TMAO was also shown to promote atherosclerosis through foam cell formation and interference with reverse cholesterol transport from the atherosclerotic plaque [33 –35]. Studies in mice, supplemented with TMAO led to an enhancement of macrophage cholesterol accumulation and atherogenic plaque formation, indicating a causal relationship [11 , 36].

Concluding, cell culture studies to date indicate that choline-derived metabolite TMAO can induce oxidative stress resulting in the release of inflammatory cytokines and endothelial dysfunction. Nevertheless, clinical studies in humans under different nutritional protocols leading to increased TMAO values should be performed to demonstrate the association between elevated TMAO levels and endothelial dysfunction.

4 Clinical studies

Gut microbiota and liver metabolism has raised much interest in the cardio-metabolic field of research [37]. The mechanisms through which TMAO alter cardio-metabolic disease risks are just beginning to be understood. During the last decade several studies have shown a noticeable association between TMAO plasma levels and cardiovascular disease (CVD) risk factors [1–11 , 38]; this according to the extent of coronary atherosclerotic plaque burden [38 –40].

Especially the group of Hazen provided strong support that high levels of TMAO predict an increased risk of cardiovascular diseases [9 , 38–44]. TMAO showed a dose-dependent association with increased cumulative burden of incident thrombotic events as illustrated by Kaplan-Meier survival analyses in a cohort of subjects (n = 4007) during a follow-up of 3 years [38]. Stubbs et al. also found elevated TMAO concentrations to independently predict coronary atherosclerosis and mortality in patients with chronic kidney disease [45].
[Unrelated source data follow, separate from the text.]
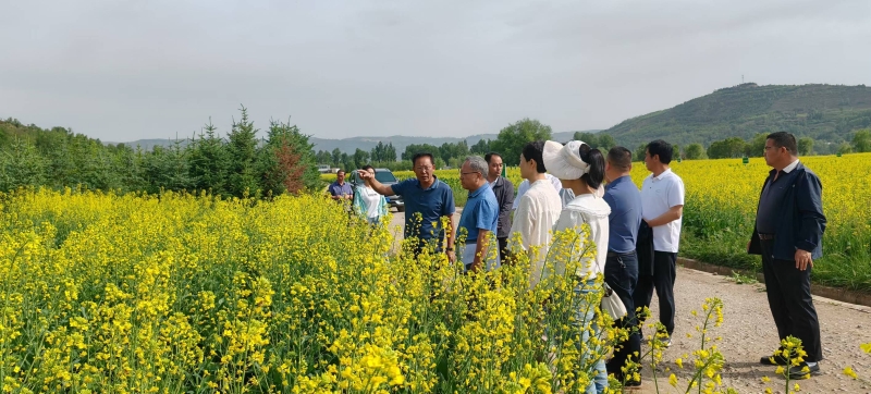 参会人员实地考察了和政县达浪乡和马家堡镇不同春油菜品种的抗旱和抗病表现,深入了解单产提升关键技术。并针对苗期管理、水肥高效利用以及病虫害绿色防控等方面进行现场指导;在积石山县柳沟乡观摩千亩地膜精量播种春油菜绿色高质高效示范点,重点研讨了作物所选育的新品种“陇油杂3号”的生长情况。
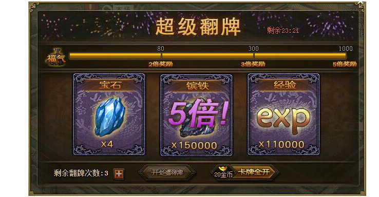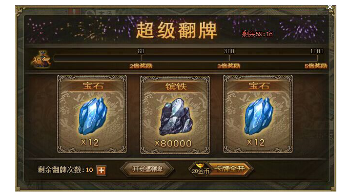 2) 福气值累积分别达到80、300、1000时,对应可获得2倍、3倍、5倍翻牌奖励加成!全天有效!
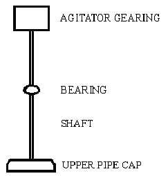 Then agitator vanes should be welded onto the interior of the pipe. There should be three or more vanes, depending upon the diameter of the pipe. For example, a one gallon size pipe section for a one mole batch scale should have four vanes to get good agitation. They should run the entire length of the pipe section, and extend about halfway in from the wall of the pipe. The agitator vanes, of course, should be made of steel, and be clean and free of paint. Once the vanes are welded in, the bottom cap can be screwed on the pipe, tightened down with a pipe wrench, and preferably welded into place. Now the cap assembly is constructed. It consists of a shaft welded onto the top of the upper pipe cap. The shaft runs to the washing machine agitator gearing, preferably with a bearing about halfway up the shaft to prevent wobbling as the agitator is going.
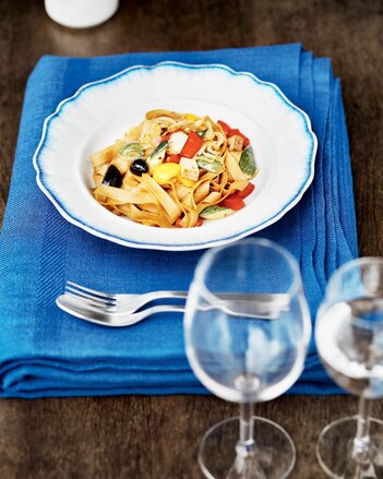 Die Nudeln in kochendes Salzwasser legen, umrühren und 2 Min. kochen lassen, dann abseihen und zum Gemüse geben, durchmischen und servieren.
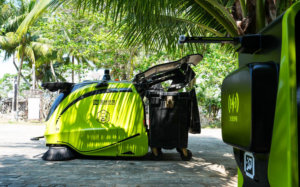 小蜜蜂智慧清洁机器人在位于海南省琼海市潭门镇排港村作业(3月25日摄)。新华社记者 杨冠宇 摄
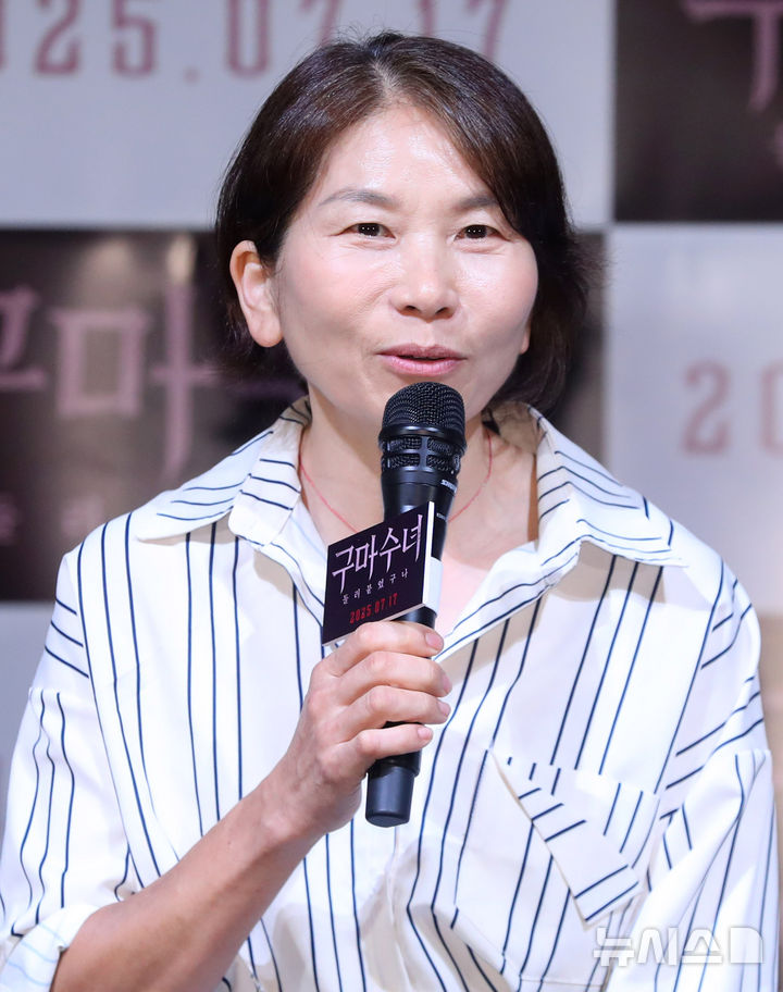 [서울=뉴시스] 김혜진 기자 = 배우 김미숙이 8일 오후 서울 용산구 CGV용산아이파크몰에서 열린 영화 '구마수녀 - 들러붙었구나'(감독 노홍진) 언론시사회에서 인사말을 하고 있다. 2025.07.08. [email protected]
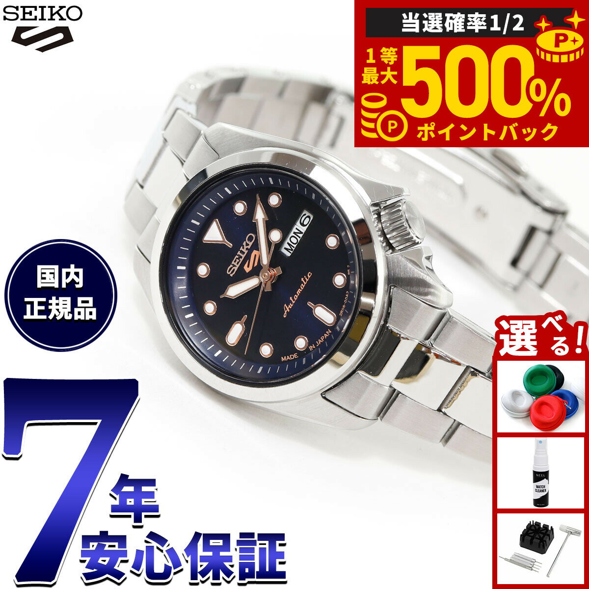国内未発表モデルとなるSKXシリーズ(28mm)が登場。スポーティなダイヤルレイアウトが魅力的なスモールサイズが特徴。4R36と同じスペックを持った2R06を搭載し、ケース径28mmにダウンサイジング。海外市場で定番となる人気のカラーリングを採用し、ゴールドのアクセントカラーがポイント。メタルブレスレットの中駒を鏡面に仕上げ、スポーティながらも華やかな印象を演出。商品名セイコー5 スポーツ SEIKO 5 SPORTS 自動巻き メカニカル 腕時計 レディース セイコーファイブ スポーツ SKX Series SRRA007商品番号SRRA007ブランドセイコー 5スポーツ SEIKO 5 SPORTSムーブメントメカニカル 自動巻(手巻つき) キャリバー:2R06駆動期間:最大巻上時約40時間持続精度:日差+45秒〜−35秒石数 21石秒針停止機能日常生活用強化防水(10気圧)カレンダー(日付・曜日)機能つきルミブライト:あり(針・インデックス)耐磁:ありスクリューバックバンドアジャスト:ピン方式MADE IN JAPAN風防素材ハードレックスケース素材縁部ステンレススチール 胴部ステンレススチール 裏ぶた部ステンレススチールケースサイズ33.1×28mmケース厚11.2mmバンド素材ステンレススチールバンド留金タイプワンプッシュ三つ折れ方式バンド幅14mm文字盤カラーネイビー保証期間メーカー3年間保証付属保証書 / 専用BOXその他のサービスメーカー希望小売価格はメーカーサイトに基づいて掲載していますセイコー5 スポーツ SEIKO 5 SPORTS 自動巻き メカニカル 腕時計 レディース セイコーファイブ スポーツ SKX Series SRRA007 国内未発表モデルとなるSKXシリーズ(28mm)が登場。スポーティなダイヤルレイアウトが魅力的なスモールサイズが特徴。4R36と同じスペックを持った2R06を搭載し、ケース径28mmにダウンサイジング。海外市場で定番となる人気のカラーリングを採用し、ゴールドのアクセントカラーがポイント。メタルブレスレットの中駒を鏡面に仕上げ、スポーティながらも華やかな印象を演出。
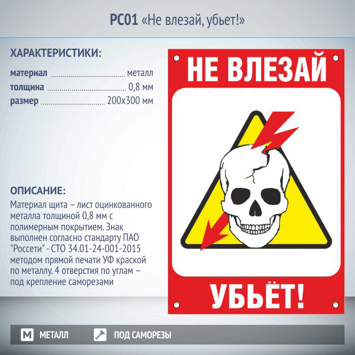 Знак безопасности «Не влезай, убьет!» выполнен согласно стандарта ПАО «Россети» – СТО 34.01-24-001-2015 методом прямой печати УФ краской по металлу. Материал знака – лист оцинкованного металла толщиной 0,8 мм с полимерным покрытием. Размеры знака – 200×300 мм. Знак имеет 4 отверстия по углам – под крепление саморезами

However, although TMAO levels were found to be increased in hyperglycemic subjects and patients with impaired kidney function in other studies, they were not associated with all-cause mortality, cardiovascular death, or hospitalizations [46] or history of myocardial infarction, the angiographically assessed presence of coronary artery disease or incident cardiovascular events during eight years of follow-up [47].

5 Concomittant metabolic pathway: Caveat

A concomitant metabolic pathway which also influences platelets and endothelial cells has to be considered when the results of TMAO studies are evaluated. Endothelial cells metabolize arachidonic acid by cyclooxygenase (COX), lipoxygenase (LO), and cytochrome P450 (CYP) pathways [48 –53]. Among these, CYPs produce oxygenated metabolites that cause hyperpolarization, vasodilation and contribute to the regulation of vascular tone [47 , 53–55]. Preliminary studies in animal models have shown that the epoxymetabolites derived from eicosapentaenoic (EPA) and docosahexaenoic acid (DHA) have a vasodilating action that largely exceeds that of the arachidonic (AA)-derived epoxides [56, 57]. In addition, it could be shown, that 11,12-EET (EET: epoxyeicosatrienoic acids) after 60 minutes of preincubation significantly decreased the rate of ristocetin-induced platelet aggregation [57]. However, 17,18-EEQ (EEQ: epoxyeicosatetraenoic acids) and 19,20-EDP (EDP: epoxydocosapentaenoic acids) were effective already at 1μM, whereas 5-fold higher concentrations were required with 11,12-EET [57].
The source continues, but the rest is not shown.